Project Euler Problem #3

While Problem #2 of Project Euler may have featured the very common Fibonacci numbers, Problem #3 is the first to feature the super common prime numbers. Here is the statement of Problem #3:

Project Euler Problem 3: Largest Prime Factor
The prime factors of 13195 are 5, 7, 13 and 29.

What is the largest prime factor of the number 600851475143?

Factoring large numbers is a very common part of solving Project Euler problems. When the numbers are too large, it can be difficult to check every possible number as a possible divisor. Luckily, there is a trick we can use to determine if a number is prime as soon as possible.

Solution #1: Factors Less Than or Equal to the Square Root

The trick we can notice is that any composite number n can be written as the product of 2 factors a and b such that both a and b are greater than 1. If both a and b were greater than the square root of n, then it would be impossible for their product to be equal to n. Thus, any composite number must have at least one proper factor which is less than or equal to its square root. Consequently, any number which does not have a proper factor less than or equal to its square root must be prime. This fact will probably be used in many Project Euler problems, so I will only explain it in this post.

Using this trick, it is easy to find any small prime factors of a large composite number. However, this question has asked for the largest prime factor of a large number. To get around this problem, one method we can use is dividing out any prime factors we find until the value we’re left with is prime. By default, the resulting number would have to be the largest prime. This method can be made more efficient by the trick above, as the number of potential factors decreases every time a prime is divided out.
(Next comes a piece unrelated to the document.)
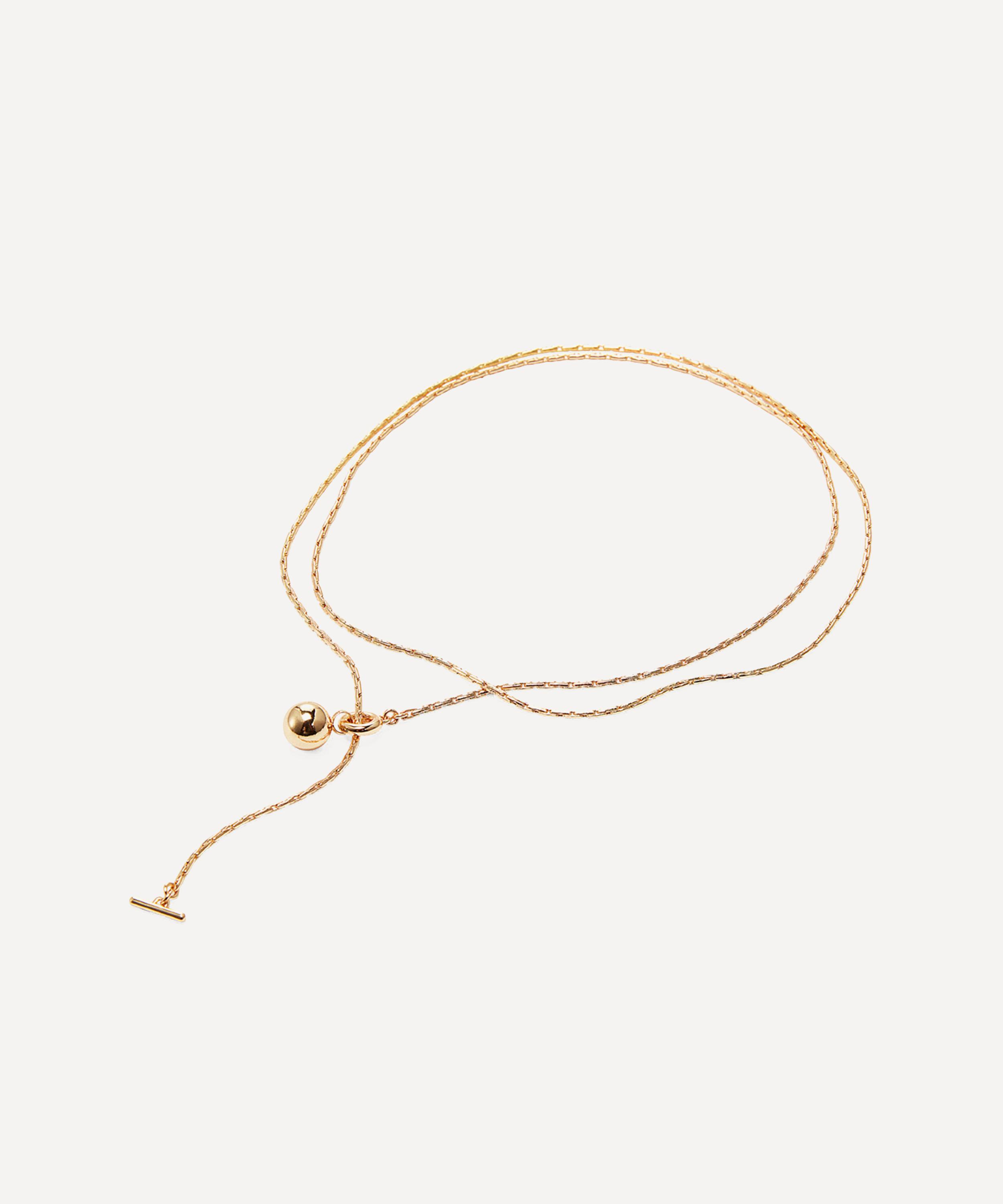 Celebrate the power of good style and the art of getting dressed with the Constance wrap necklace from JENNY BIRD. Fashioned into a round, elongated link chain in gold-plated brass, the design is complete with dropped ball charm in a high-polished finish. Fashionable and ultra-versatile, it can be worn fully extended, double wrapped, as a lariat necklace or bracelet.

Here is an implementation of this method in Python 2.7:

'''
 Author: Walker Kroubalkian
 "Dividing Out" Approach to Project Euler Problem #3
 '''

 import time
 from math import sqrt

 def projectEulerProblemThree(n):
     c = 2
     while(c<=sqrt(n)):
         if(n%c==0):
             while(n%c==0):
                 n/=c
         c+=1

     if(n==1):
         return (c-1)

     return n

 start = time.time()
 print projectEulerProblemThree(600851475143)
 print("--- %s seconds ---" % (time.time() - start))

 '''
 Prints
 6857
 --- 0.00019097328186 seconds ---
 for input of n = 600851475143
 '''

Factoring and primes are extremely important parts of mathematics, and as a result, I will probably refer back to the facts discussed in this post in future posts.

Signing off for today. Thanks for reading!